2.2. AS DIMENSÕES DA CIÊNCIA NO LD

2.2.2. A dimensão experimental em LD

A experimentação é uma dimensão intrínseca à ciência para qualquer teoria epistemológica adotada para a descrição da ciência. A dimensão experimental compõe uma das principais componentes do empreendimento científico que se diferencia de outras formas do conhecimento justamente pela sua capacidade de testar hipóteses empiricamente e construir argumentos racionais sobre os dados obtidos. Sendo assim, a experimentação tem um papel fundamental tanto para a ciência na produção de conhecimento novo, quanto para seu ensino, onde se pretende difundir os conhecimentos já estabelecidos.

No ensino, a experimentação pode contribuir tanto para um entendimento da ciência quanto sobre a ciência. Por um lado, a experimentação representa uma das melhores formas de se trabalhar alguns conteúdos específicos das ciências, sejam de ordem conceitual, procedimental ou atitudinal. É através da capacidade de propor hipóteses e buscar a solução de problemas que os estudantes poderão tomar contato com habilidades relativas à ciência como verificar a relação entre grandezas físicas, coletar, organizar a avaliar dados ou decidir qual é o melhor método para a análise de um conjunto de dados. Por outro lado, compreender a experimentação como uma dimensão indissociável à ciência pode colocar os estudantes em contato com a natureza do empreendimento científico e sua importância para a humanidade.

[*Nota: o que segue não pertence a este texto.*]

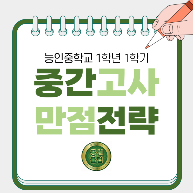 2025학년도 능인중 1학년 1학기 중간고사, 공신학원의 영어 만점대비 노하우! 안녕하세요, 최상위 영어학습의 새로운 패러다임을 만드는 공신클럽입니다. 오늘은 능인중학교 1학년 1학기 중간고사 내신 분석과 만점 대비 전략을 함께 알아보겠습니다. Ⅰ. 중간고사 기본 정보 1) 시험 범위: ① 교과서: 1과) be동사, 일반동사 2과) 현재진행형, 조동사 can, will ② 외부지문 2) 문항 구성: ⁃ 선택형: 18문항, 배점 3-4점 ⁃ 서술형: 5문항, 배점 6-8점 3) 출제 비율: 교과서 83%, 범위 밖 17% 4) 주요 출제 유형 TOP 3: 내용 일치/파악 [독해] 5문항 > <조건> 영작[서술형]: 3문항 > 문법[어법] 3문항 능인중학교 내신의 특징은 높....... <img src="https://blogthumb.pstatic.net/MjAyNjAyMTBfMjkw/MDAxNzcwNzIxNDA4OTYw.WmAcHzLHknUNelnpjtKVK0v0yb5-MquXSwE77XV6TlUg.OJu4145_Bcc2D78-YmNSnYqQQ6zS-v3TUWP3pVCnDjIg.PNG/%C7%A5%C1%F6.png?type=s3" />
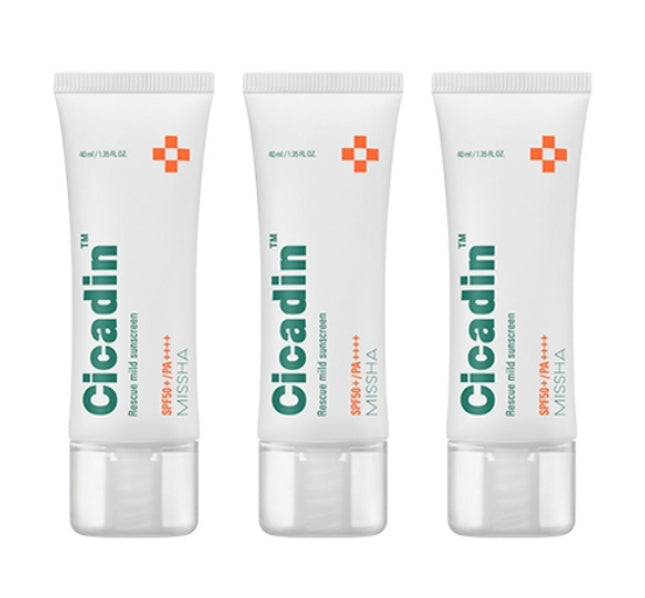 MISSHA Cicadin Rescue Mild Sun Cream SPF50+ PA++++ is a gentle, high-protection sunscreen formulated for sensitive and irritated skin, combining broad-spectrum UV defense with soothing care; it contains 42% of six different types of Centella Asiatica for calming and barrier support, a 100% non-nano UV filter system for safer daily use, and a triple-layer heat protection technology to guard skin from environmental stressors while providing a lightweight, non-greasy finish—this listing includes a convenient 3-pack of 40ml tubes shipped from Korea.
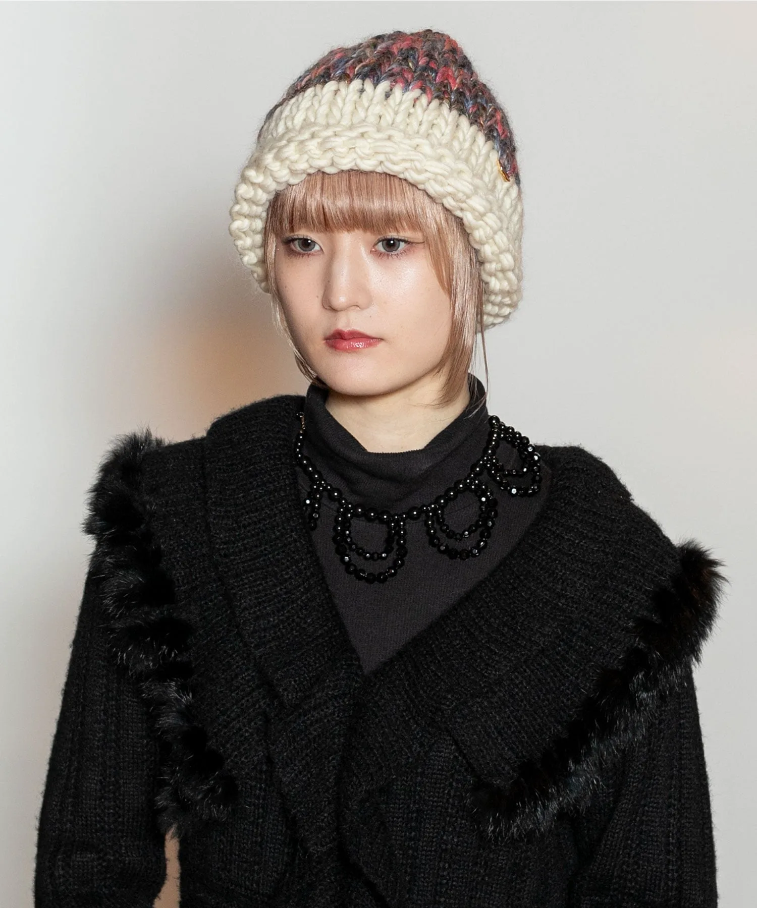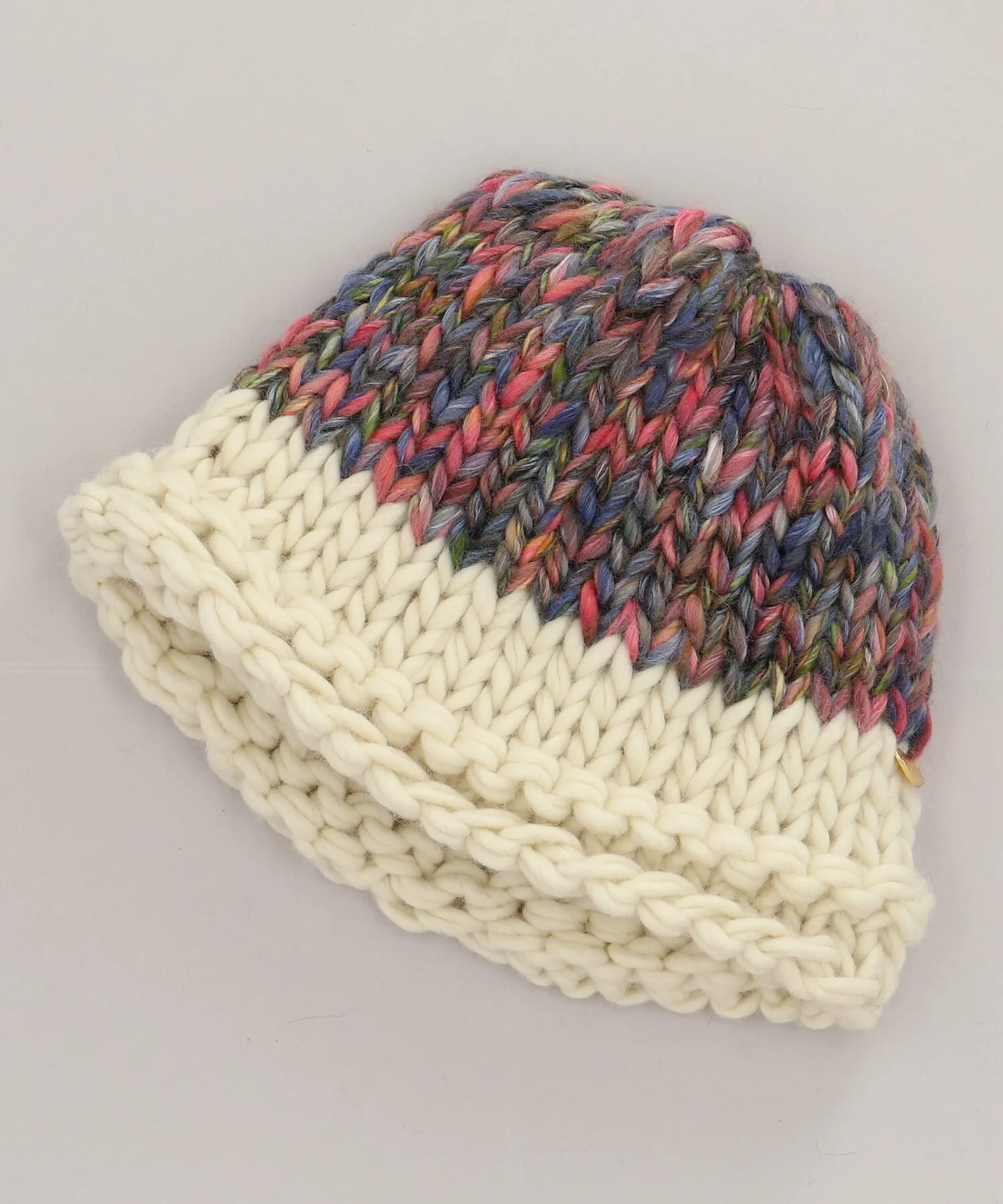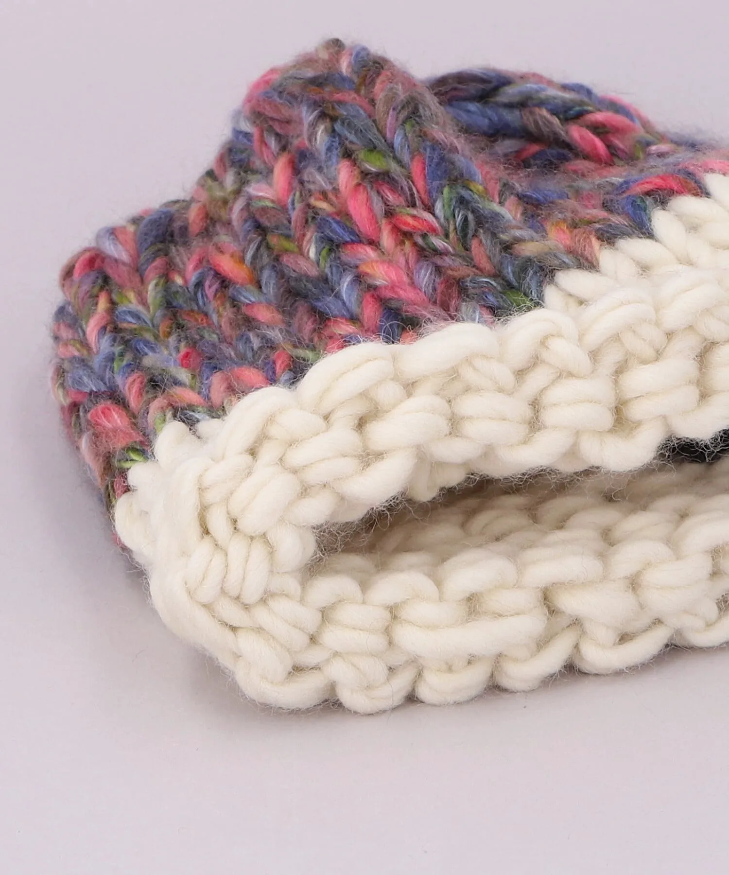 Щедрое использование разноцветной пряжи создает дизайн, который добавляет элегантности головному убору. Отверстие однотонное и контрастное, что добавляет акцент.

No entanto, esse papel central associado à experimentação na educação científica nem sempre é contemplado no processo educacional, tornando o ensino científico um tanto quanto incompleto, deixando de lado uma componente fundamental e uma das partes mais interessantes e instigantes da ciência.

Carvalho (2010) escreve que as práticas experimentais estão presentes no ensino da Física desde do século XIX e podem ser designadas por uma série de termos como “aulas práticas”, “aulas de laboratório” ou laboratório escolar” (CARVALHO, 2010, p.53). No entanto, segundo a autora, apesar desses quase 200 anos nos currículos escolares e da vasta gama de variações possíveis para possíveis planejamentos, os professores ainda não têm familiaridade com essa atividade, o que se traduz em aulas pouco reflexivas:

[...] aulas extremamente estruturadas com guias do tipo “receita de cozinha”. Nessas aulas, os alunos seguem planos de trabalho previamente elaborados, entrando nos laboratórios somente para seguir os passos do guia, onde o trabalho do grupo de alunos se caracteriza pela divisão de tarefas e muito pouco pela troca de ideias significativas sobre o fenômeno estudado” (CARVALHO, 2010, p.54)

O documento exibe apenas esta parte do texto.